Traceback (most recent call last):
  File "main.py", line 174, in run
    main()
  File "main.py", line 110, in main
    just_one=Params.tml['justOne'], binary=Params.tml['binary'], threshold=Params.tml['threshold'])
  File "C:\Users\cw_\Documents\GitHub\seera\src\uml\UserSimilarities.py", line 33, in main
    d2t = tm.doc2topics(lda_model, dictionary.doc2bow(doc.split()), threshold=threshold, just_one=just_one, binary=binary)
  File "C:\Users\cw_\Documents\GitHub\seera\src\tml\TopicModeling.py", line 163, in doc2topics
    if t_temp >= threshold:
ValueError: The truth value of an array with more than one element is ambiguous.
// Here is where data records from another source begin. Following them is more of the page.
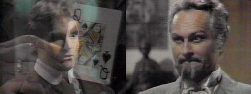 Charity's mother lies in her chair, still alive, moaning. She opens her eyes and sees Tim. You did this to me, she accuses--why? You played the Queen of Spades, he tells her. "Murderer!" she calls him, finally sinking back in her chair, dead. "I had to," he says, as if it were the most obvious thing in the world, "you played the Queen of Spades--he told me when you played the queen, it would happen." The door opens; Evan Hanley walks in. "Who told you, Tim?" he asks, assuring him, it's all right--I will help you--this is like an experiment; it's as if we are in a laboratory, and we must remain very clinical. Evan checks out Minerva, taking her pulse. He glances at Tim and says, "You did well." Evan takes the Queen of Spades and tells Tim, look at me, straight into my eyes--I can see you're troubled by what you've done, but I am going to help you again. Tim looks away. Evan orders, don't take your eyes from mine. . .do you want my help, Tim? Tim nods. This is the Queen of Spades, he says, showing him the card, and when you carry it out, you will remember none of what has happened, you will forget all the visits you paid to my house, the talks we had, the plans we made, you will forget all about Mrs. Trask--you want that, don't you, Tim?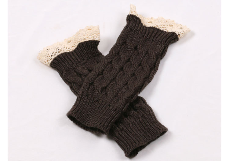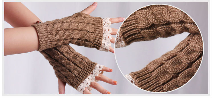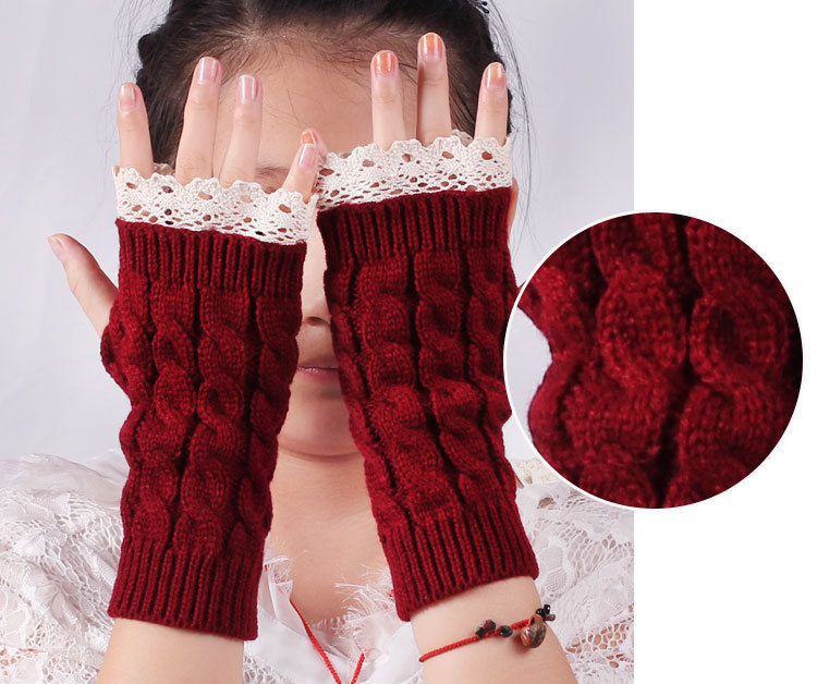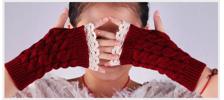Knitting Wool Gloves Beautiful and Beautiful Lace Lengthened Wristband Winter Women's Thermal Knitting Half Finger Gloves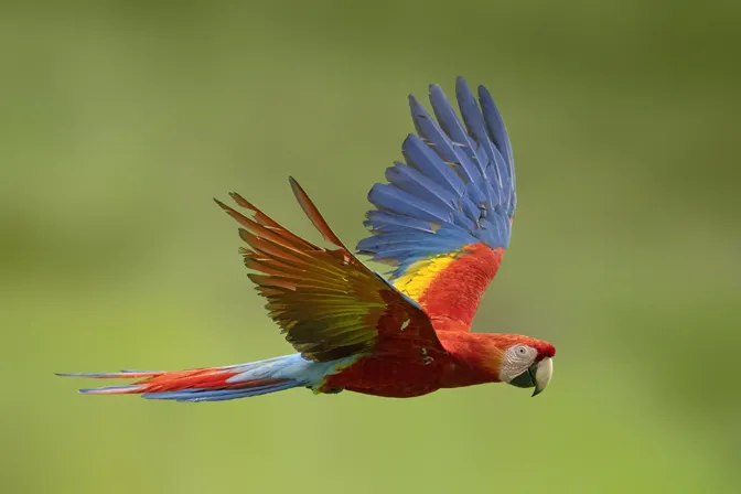 This large macaw species showcases a brilliant mix of red, blue, and yellow feathers, with a striking white face adorned with facial patches of bare skin. Its long, strong beak is designed for cracking nuts and seeds, while its powerful wings enable it to soar through the forest canopy with grace and agility. Scarlet Macaws are highly social and form monogamous pairs, often seen flying and foraging together. They have a wide repertoire of vocalizations, including squawks, screams, and melodic calls, which they use for communication and establishing territory.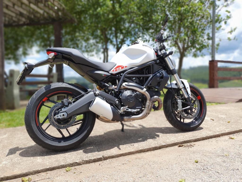Referenteà parte estética, antes de vê-la ao vivo, tinha certo receio da cor branca,pois estava acostumado com o clássico tom vermelho da Ducati. Porém, ao medeparar com a moto pela primeira vez, mudei de opinião! O branco foscorealmente é uma cor diferenciada. Vale lembrar que também está disponível aopção em vermelho para o ducatista fiel às raízes da montadora italiana.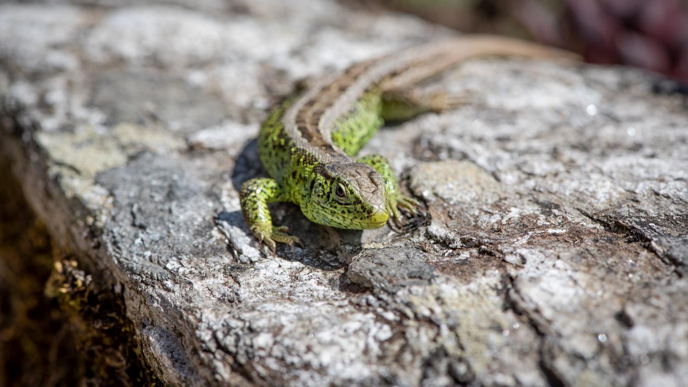 » Wallpaper Green lizard sits on a stone

Use a.any() or a.all()

It might be a byproduct of the previous errors, but it looks like t_temp is an array with 2 elements inside.

hosseinfani commented 1 year ago

@hosseinfani please pull as there is a new version of code. also, have a look at #45 and #42

If not resolved, drop by lab and @soroush-ziaeinejad or I can further help

Lillliant commented 1 year ago

@hosseinfani @soroush-ziaeinejad

Update

After pulling the new changes, installing MS Visual C++, reinstalling TensorFlow and h5py, I can now run SEERa on my laptop with the toy.synthetic data.

I've made a few test runs using the different topic modelling and graph embedding methods, and some of the combinations doesn't run successfully:

The issue with gsdmm persists after re-cloning and re-setting up gsdmm.

If possible, can I come by the lab on Thursday/Friday to resolve any issues and/or discuss any next steps?

hosseinfani commented 1 year ago

@Lillliant Awesome.

You're right, there are some combinations that are not working properly. @soroush-ziaeinejad is working on them. Also, you can debug the code and see what/where is the problem (all the source is available and you can find the issue). Then try to fix it if you can.

Sure, I'll be at EH215 most of the weekdays (except mon-wed when I have classes). Also, @soroush-ziaeinejad will be here to help you more.